Il s'agit d'une exonération de TVA. Le preneur est le client mais je ne trouve pas comment traduire redevable dans ce contexte.

Grazie per l'aiuto.


----------



## matoupaschat

Ciao Ganesa2242, 

Ti posso solo indicare il significato in francese, casomai non l'avessi trovato :
*II. −* _Subst._ Celui, celle qui est assujetti(e) à une redevance. Synon. _imposable_. _Les redevables de l'impôt direct_. _Le nombre des redevables est un indice fiscal ou comptable, intermédiaire entre le nombre d'entreprises et le nombre d'établissements_ (Romeuf t. 2 1958).
Tratto da : http://forum.wordreference.com/newreply.php?do=postreply&t=1955596​


----------



## ganesa2242

Ciao Matoupaschat (mi piace da morire questo nome),

Merci beaucoup. Le sens français, je l'avais (je suis de langue maternelle française).
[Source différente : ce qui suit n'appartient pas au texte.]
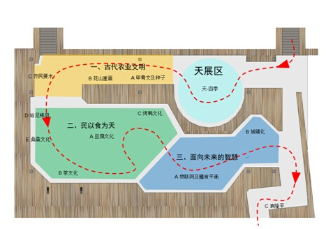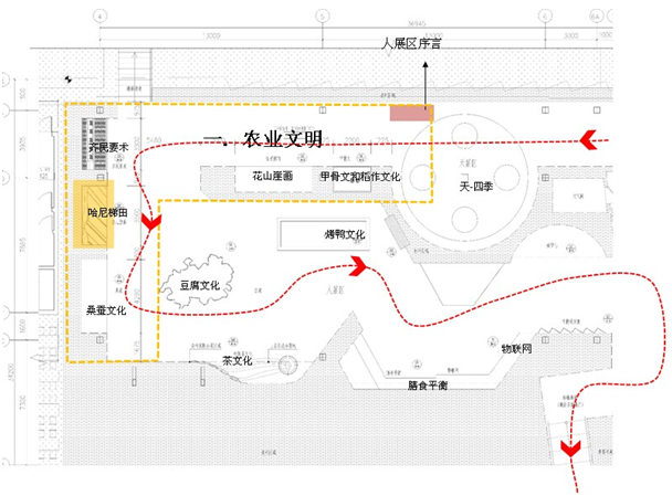 意大利米兰世博会4950平方米的中国馆馆内展示区域主要包括序厅及“天”、“地”、“人”、“和”四个展厅。其中,“人”展区是中国馆具体展项的集中展区,围绕农耕文明、民以食为天、未来的智慧三大板块进行展示,云南的哈尼梯田展项为人展区中农业文明部分的第四个展项,与齐民要术展项和桑蚕文化展项相邻。
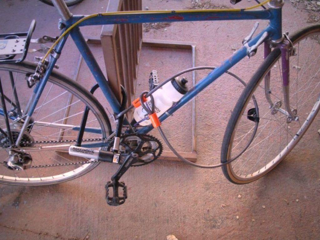 Недостаток U-образного захвата в том, что им нельзя обхватить дерево или столб, ведь организованных велостоянок у нас нет. Поэтому придётся пристёгивать велосипед за раму, желательно прихватив и заднее колесо к железному заборчику. Зацеплять лишь одни колеса глупо, так как они не являются самыми дорогими деталями велосипеда. Можно ещё сказать, что велозамок в форме U очень громоздкий, и его сложно перевозить на велике. Но как можно видеть на следующей фотографии, это не является проблемой для смекалистого велосипедиста.
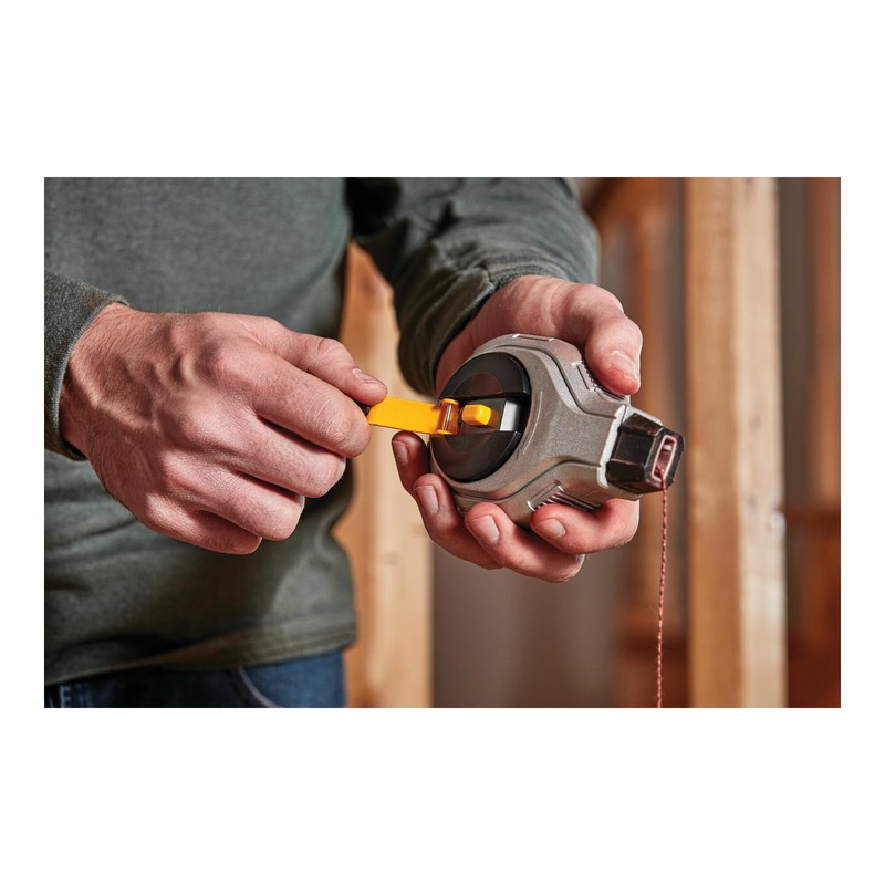 DeWALT 6:1 Chalk Reel 30m/100ft line clutch for smooth line release reduced jams extra-large flip cap easy refill 1/4 turn cap provides a secure fit Fitted with a nesting line hook for compact storage
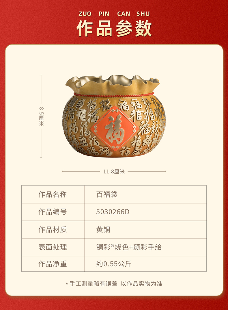 铜师傅《百福袋》客厅桌面铜摆件 家居装饰工艺品礼物
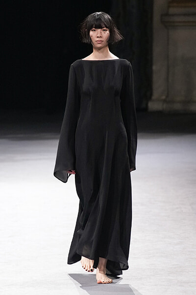 フィナーレを飾ったのはすべてを削ぎ落としたシンプルな黒のドレス。photo:Imaxtree
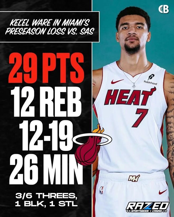 热火季前赛107-112不敌马刺-4,吞下三连败,但南滩球迷却仿佛提前收到了最好的新年礼物——二年级中锋克莱尔·韦尔用一场震惊四座的表演,让整个NBA开始重新审视这支球队的潜力。

Au final, j'ai traduit par : "il cliente come il debitore". Je pense respecter le sens.


----------



## Corsicum

Je ne sais pas du tout, mais ici il y a de plusieurs exemples dont deux :
http://eur-lex.europa.eu/RECH_mot.do
_« les redevables directs ou indirects = i soggetti direttamente o indirettamente obbligati al pagamento »_
_http://eur-lex.europa.eu/Notice.do?mode=dbl&lang=fr&lng1=fr,it&lng2=bg,cs,da,de,el,en,es,et,fi,fr,hu,it,lt,lv,mt,nl,pl,pt,ro,sk,sl,sv,&val=524933:cs&page=1&hwords=comme+le+redevable%7E_
_« a été désigné comme redevable de la taxe = sia stato designato come debitore dell’imposta »_
_http://eur-lex.europa.eu/Notice.do?...l=511646:cs&page=1&hwords=comme+le+redevable~_


----------



## ganesa2242

Merci Corsicum! Le deuxième exemple correspond parfaitement à ce que je recherchais. 

Merci beaucoup.


----------